H C Products Co. v. Air Vent, Inc.

468 F. Supp. 750, 204 U.S.P.Q. (BNA) 735, 1979 U.S. Dist. LEXIS 12795
CourtDistrict Court, C.D. Illinois
DecidedApril 25, 1979
Docket77-1099
StatusPublished
Cited by4 cases

This text of 468 F. Supp. 750 (H C Products Co. v. Air Vent, Inc.) is published on Counsel Stack Legal Research, covering District Court, C.D. Illinois primary law. Counsel Stack provides free access to over 12 million legal documents including statutes, case law, regulations, and constitutions.

Bluebook
H C Products Co. v. Air Vent, Inc., 468 F. Supp. 750, 204 U.S.P.Q. (BNA) 735, 1979 U.S. Dist. LEXIS 12795 (C.D. Ill. 1979).

Opinion

DECISION AND ORDER

ROBERT D. MORGAN, Chief Judge.

This is a suit for alleged patent infringement and unfair competition. The plaintiff, a subsidiary of Aluminum Corporation of America (ALCOA), is a Delaware corporation having its principal place of business at Princeville, Illinois, in this district. Defendant Air Vent, Inc. is a Delaware corpo *752 ration having its principal place of business at Peoria, Illinois. The defendant Curran is the president of defendant Air Vent and a resident of Peoria, Illinois.

Two patents are involved in this suit. Both are owned by ALCOA, with plaintiff as designated nominee thereof. Each patent relates to roof ventilators.

Plaintiff is regularly engaged at its plant in Princeville, in the manufacture of roof ventilating systems. Its products are marketed solely through Alcoa Building Products (ABP), another wholly owned subsidiary of ALCOA. Defendant is regularly engaged at Peoria, Illinois, in the manufacturing and marketing of roof ridge ventilators. 1

Following a bench trial upon the issues of validity and infringement of the patents and collateral issues related to claims of unfair competition, and the submission by the parties of post-trial briefs and proposed findings and conclusions, the cause is before the court for decision on the merits.

Jurisdiction

Through proceedings in this case, including the final pre-trial conference and the pre-trial order, defendant did not question jurisdiction as to any claim. For the first time, in its trial brief, defendant challenges jurisdiction over a part of the claim alleging unfair competition. Specifically, it asserts that there is no federal jurisdiction over the claim that it was guilty of unfair competition in that it allegedly lured away from plaintiff and employed a certain person, because the employment of that person by defendant was subsequent to defendant’s alleged initial infringement of the patents by its commencing the manufacture and sale of one of its accused product. It also contends that there is no proper jurisdiction over so much of plaintiff’s claim as asserts defendant’s publication of an advertising brochure, because that publication was not made until after this suit was filed.

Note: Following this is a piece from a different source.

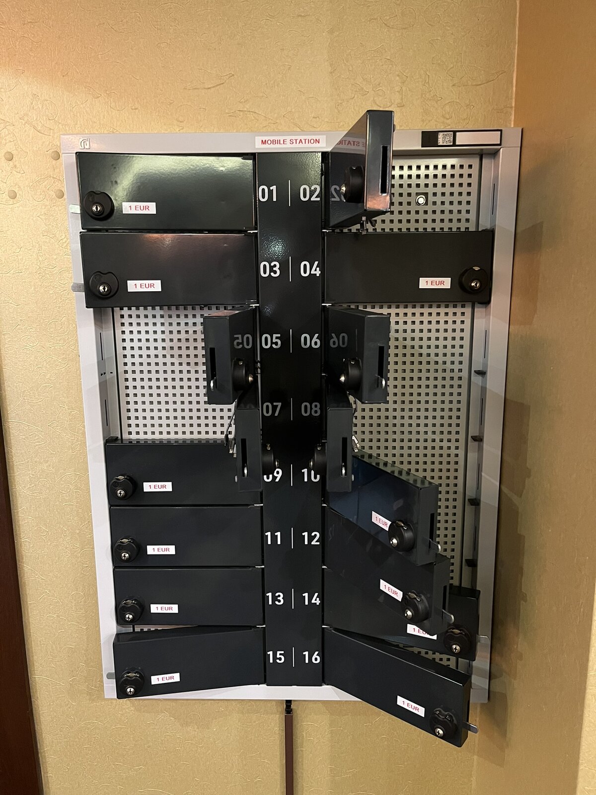 Zajímavou vychytávkou je nabíjecí stanice, kde si za symbolický poplatek €1 můžete uložit a nabít mobilní telefon.

Thus it is true that those issues involve proof which goes beyond the proof relevant to the patent issues. However, since jurisdiction has been assumed by the parties and the court to exist until the time of trial, and the relevant evidence is now in the evidentiary record, defendant’s challenge to jurisdiction will be rejected.

In one sense, defendant misconstrues its own challenge to jurisdiction, to the extent that it recites and relies upon the hornbook rule that subject-matter jurisdiction cannot be created by the consent of the parties if, in fact, no jurisdictional basis exists. The court has subject-matter jurisdiction in this cause. The only question which defendant really presents is the question whether this court should exercise its discretion and accept pendent jurisdiction of a subject matter which lacks an independent jurisdictional basis. Pendent jurisdiction is accepted.

The Patents in Suit

Patent 235 2 relates to the subject of roof ventilators designed for attic ventilation. The patent discloses both a ridge ventilator and an eave, or soffit, ventilator.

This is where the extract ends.